MATERIAL FOR THIS EXERCISE.

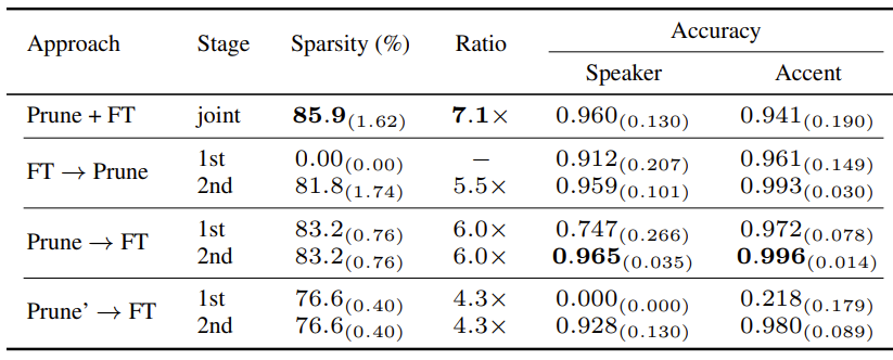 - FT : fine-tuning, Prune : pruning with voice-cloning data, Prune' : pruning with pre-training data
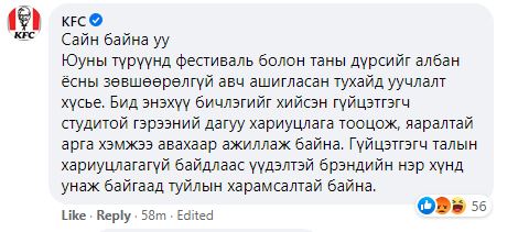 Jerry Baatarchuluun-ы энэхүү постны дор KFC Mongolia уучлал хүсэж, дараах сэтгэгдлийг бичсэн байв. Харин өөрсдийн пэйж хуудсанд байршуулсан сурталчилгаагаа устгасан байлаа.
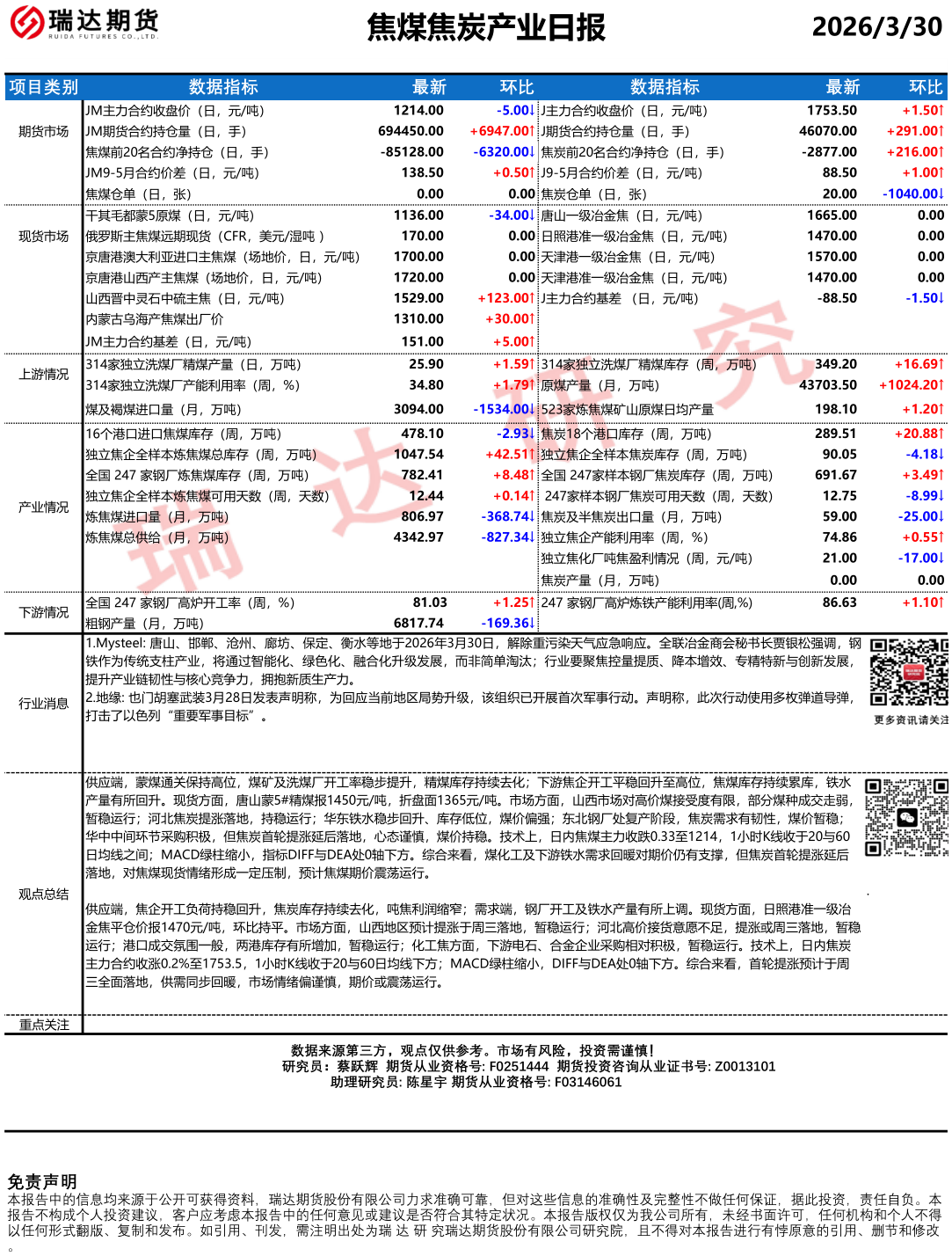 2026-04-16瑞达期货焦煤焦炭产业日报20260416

==

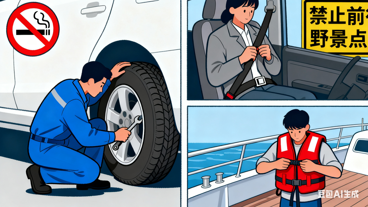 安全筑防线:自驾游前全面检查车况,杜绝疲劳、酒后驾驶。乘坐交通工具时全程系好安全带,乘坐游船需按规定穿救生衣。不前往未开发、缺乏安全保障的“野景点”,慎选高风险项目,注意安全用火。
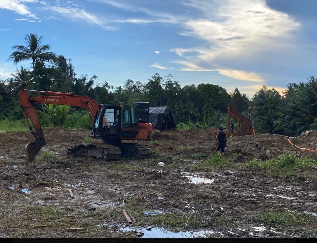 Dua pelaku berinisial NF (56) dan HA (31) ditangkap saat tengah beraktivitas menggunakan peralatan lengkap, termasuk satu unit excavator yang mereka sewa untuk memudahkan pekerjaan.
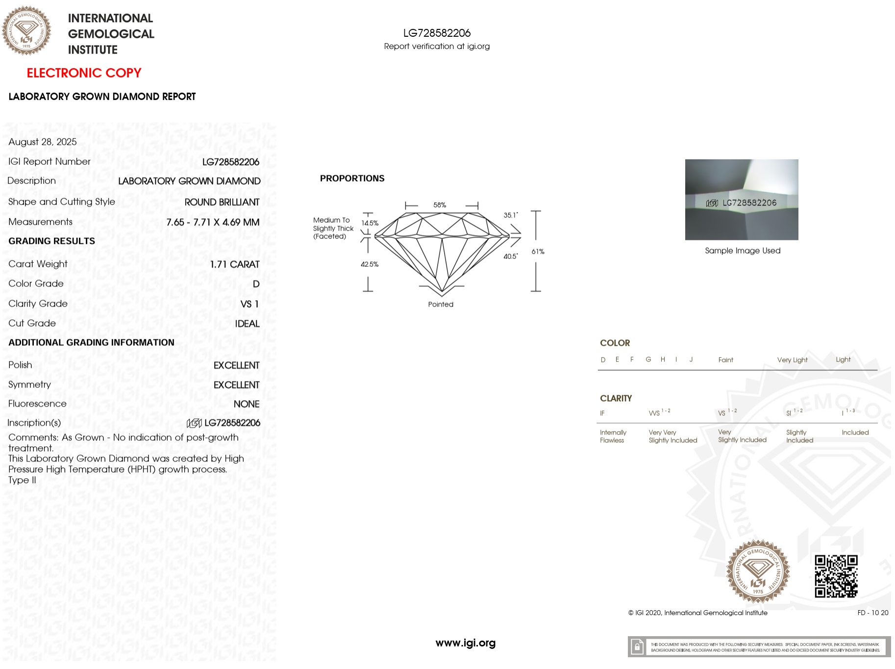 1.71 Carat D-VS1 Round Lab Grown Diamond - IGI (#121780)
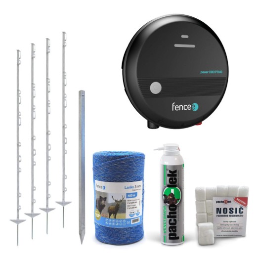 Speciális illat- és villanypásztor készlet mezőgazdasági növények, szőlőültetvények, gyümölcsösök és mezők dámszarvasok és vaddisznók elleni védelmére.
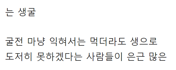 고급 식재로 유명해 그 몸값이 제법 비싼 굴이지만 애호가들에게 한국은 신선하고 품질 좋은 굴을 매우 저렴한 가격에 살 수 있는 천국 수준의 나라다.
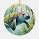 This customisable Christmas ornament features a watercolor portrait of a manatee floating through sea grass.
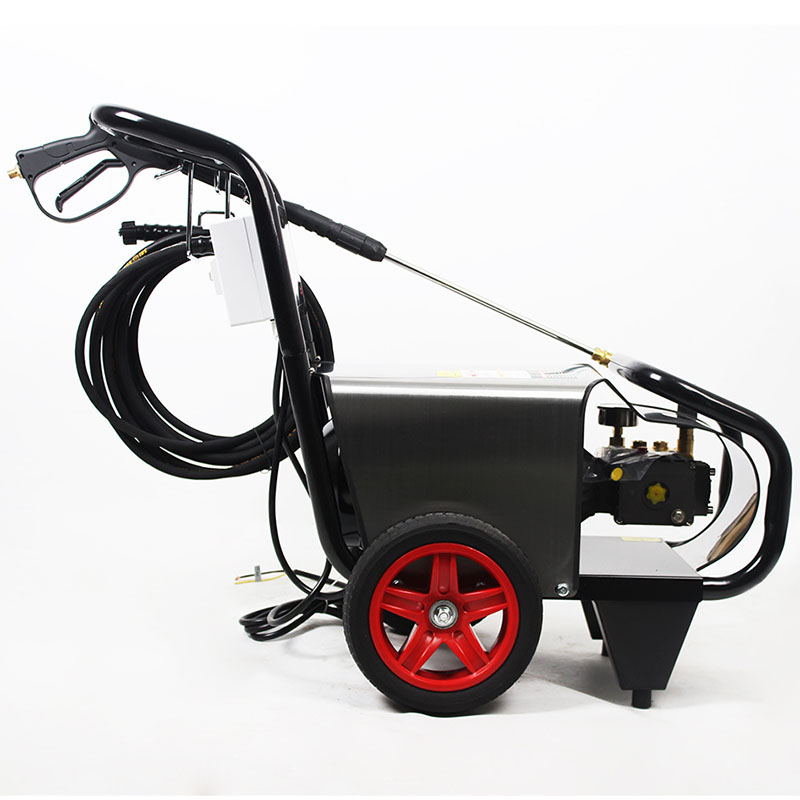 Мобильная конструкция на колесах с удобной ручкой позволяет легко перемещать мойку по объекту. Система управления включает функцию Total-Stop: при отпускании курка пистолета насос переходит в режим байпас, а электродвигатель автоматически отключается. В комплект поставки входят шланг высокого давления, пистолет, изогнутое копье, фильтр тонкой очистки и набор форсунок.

EXERCISE DESCRIPTION. Every line above between the one containing "- FT : fine-tuning, Prune" and the one containing "2026-04-16瑞达期货焦煤焦炭产业日报20260416", those two included, is to be printed exactly. No pictures go into the copy.

WRITTEN ANSWER.
 - FT : fine-tuning, Prune : pruning with voice-cloning data, Prune' : pruning with pre-training data
 Jerry Baatarchuluun-ы энэхүү постны дор KFC Mongolia уучлал хүсэж, дараах сэтгэгдлийг бичсэн байв. Харин өөрсдийн пэйж хуудсанд байршуулсан сурталчилгаагаа устгасан байлаа.
 2026-04-16瑞达期货焦煤焦炭产业日报20260416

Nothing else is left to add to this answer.